**Work to complete**
Retype the opening lines of the data exactly, stopping after the line that contains "岳阳县卫生健康局柏祥镇卫生院年度报告书". Skip every picture.

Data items
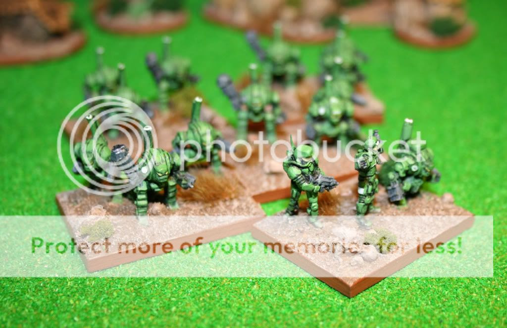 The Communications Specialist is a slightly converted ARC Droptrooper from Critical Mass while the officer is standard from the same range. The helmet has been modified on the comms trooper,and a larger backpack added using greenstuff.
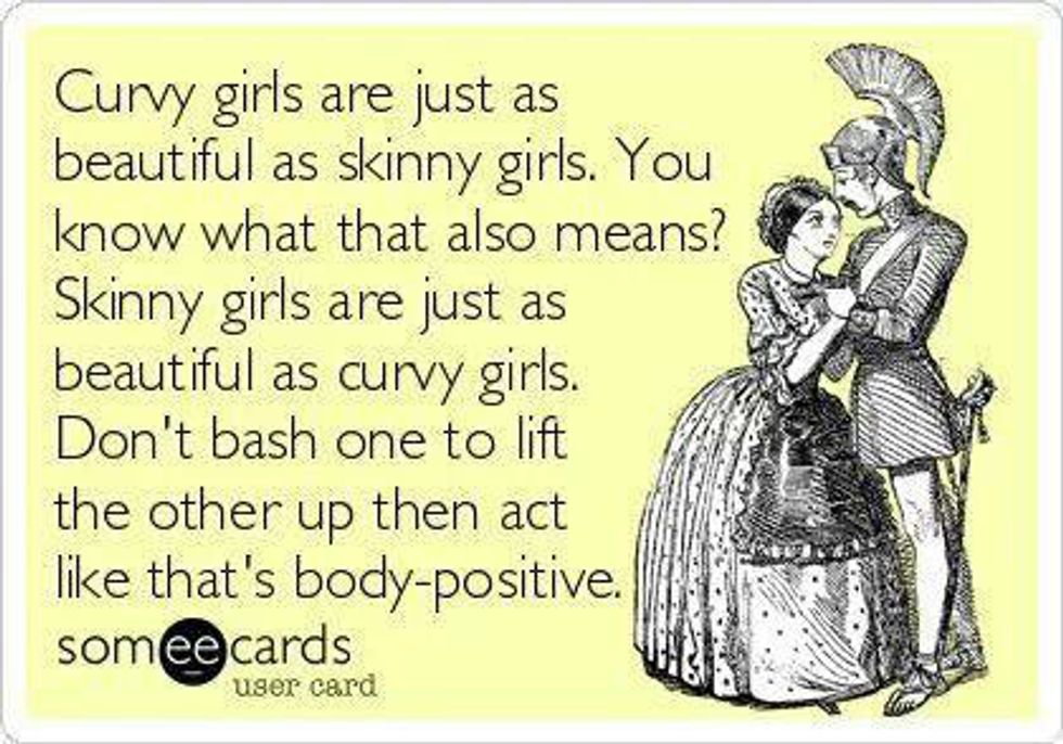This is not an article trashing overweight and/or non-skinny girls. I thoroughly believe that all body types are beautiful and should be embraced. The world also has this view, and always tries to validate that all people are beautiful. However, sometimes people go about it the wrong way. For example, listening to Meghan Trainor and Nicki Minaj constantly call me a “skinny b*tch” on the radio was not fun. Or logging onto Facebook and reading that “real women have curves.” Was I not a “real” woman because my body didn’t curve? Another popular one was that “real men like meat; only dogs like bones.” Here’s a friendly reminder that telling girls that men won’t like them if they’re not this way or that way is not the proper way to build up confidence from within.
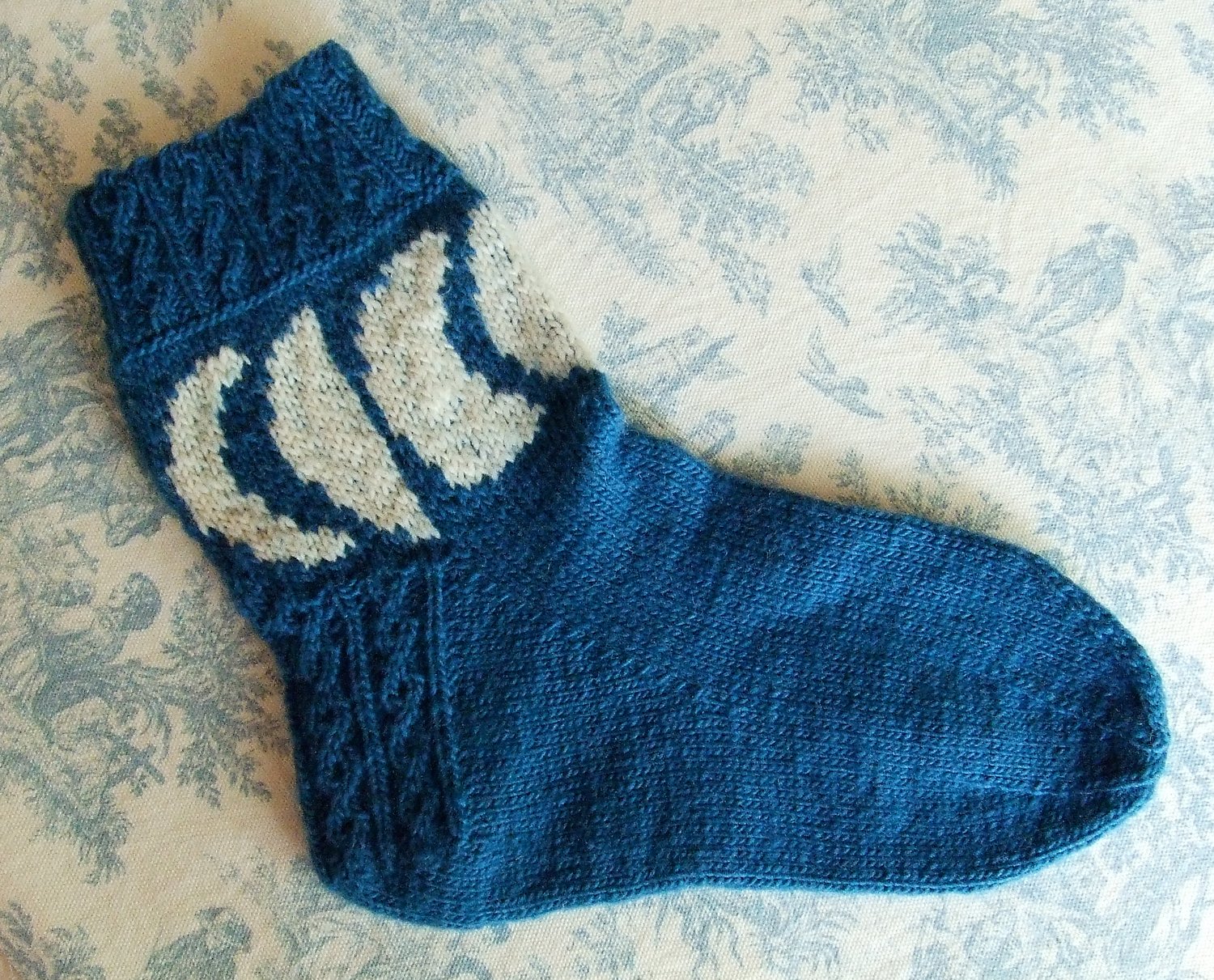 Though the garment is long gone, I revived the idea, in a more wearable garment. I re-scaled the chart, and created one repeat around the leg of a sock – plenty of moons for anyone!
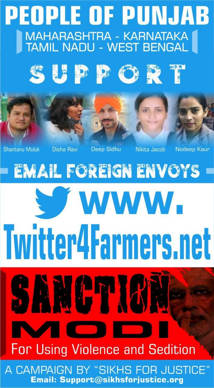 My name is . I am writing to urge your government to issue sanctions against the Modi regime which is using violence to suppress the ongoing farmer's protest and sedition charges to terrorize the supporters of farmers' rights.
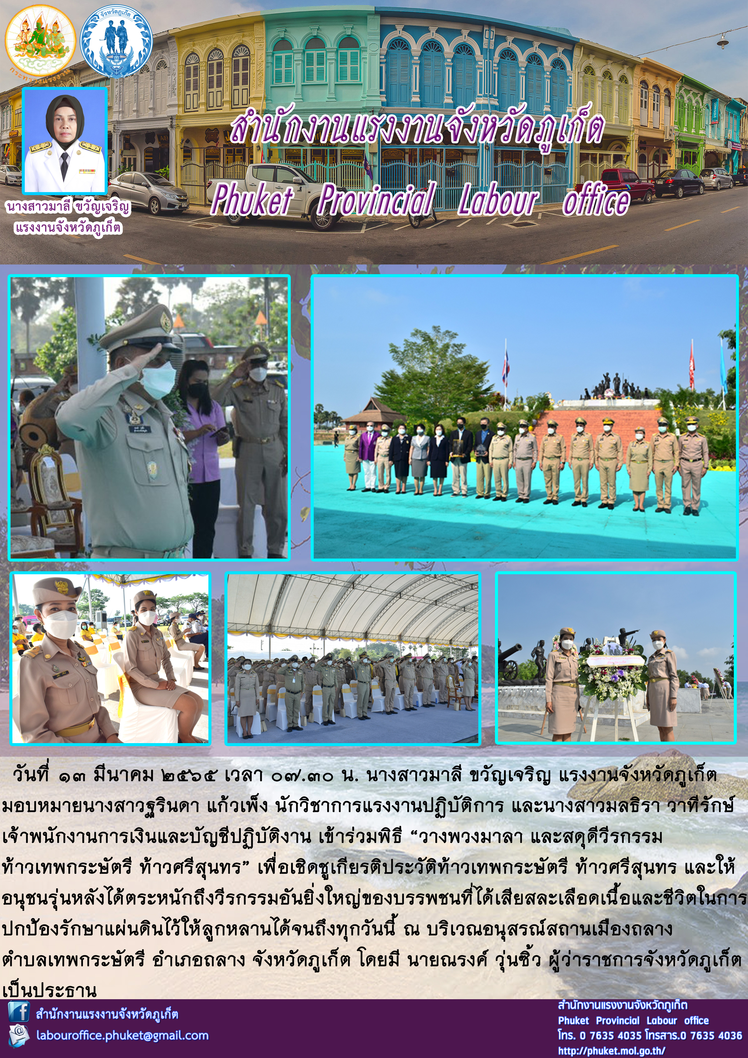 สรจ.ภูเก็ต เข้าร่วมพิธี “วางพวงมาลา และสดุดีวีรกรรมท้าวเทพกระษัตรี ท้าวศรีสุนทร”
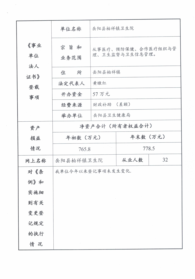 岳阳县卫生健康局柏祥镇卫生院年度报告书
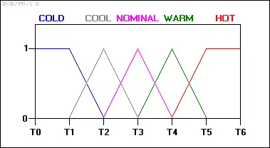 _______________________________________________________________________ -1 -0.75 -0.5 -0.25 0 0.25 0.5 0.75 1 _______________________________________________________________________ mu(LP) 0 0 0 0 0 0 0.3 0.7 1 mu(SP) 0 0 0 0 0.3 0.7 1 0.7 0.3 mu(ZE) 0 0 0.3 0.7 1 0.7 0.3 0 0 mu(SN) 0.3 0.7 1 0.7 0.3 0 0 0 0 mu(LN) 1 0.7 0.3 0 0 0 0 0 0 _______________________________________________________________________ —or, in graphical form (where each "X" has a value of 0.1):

**Your response**
 The Communications Specialist is a slightly converted ARC Droptrooper from Critical Mass while the officer is standard from the same range. The helmet has been modified on the comms trooper,and a larger backpack added using greenstuff.
This is not an article trashing overweight and/or non-skinny girls. I thoroughly believe that all body types are beautiful and should be embraced. The world also has this view, and always tries to validate that all people are beautiful. However, sometimes people go about it the wrong way. For example, listening to Meghan Trainor and Nicki Minaj constantly call me a “skinny b*tch” on the radio was not fun. Or logging onto Facebook and reading that “real women have curves.” Was I not a “real” woman because my body didn’t curve? Another popular one was that “real men like meat; only dogs like bones.” Here’s a friendly reminder that telling girls that men won’t like them if they’re not this way or that way is not the proper way to build up confidence from within.
 Though the garment is long gone, I revived the idea, in a more wearable garment. I re-scaled the chart, and created one repeat around the leg of a sock – plenty of moons for anyone!
 My name is . I am writing to urge your government to issue sanctions against the Modi regime which is using violence to suppress the ongoing farmer's protest and sedition charges to terrorize the supporters of farmers' rights.
 สรจ.ภูเก็ต เข้าร่วมพิธี “วางพวงมาลา และสดุดีวีรกรรมท้าวเทพกระษัตรี ท้าวศรีสุนทร”
 岳阳县卫生健康局柏祥镇卫生院年度报告书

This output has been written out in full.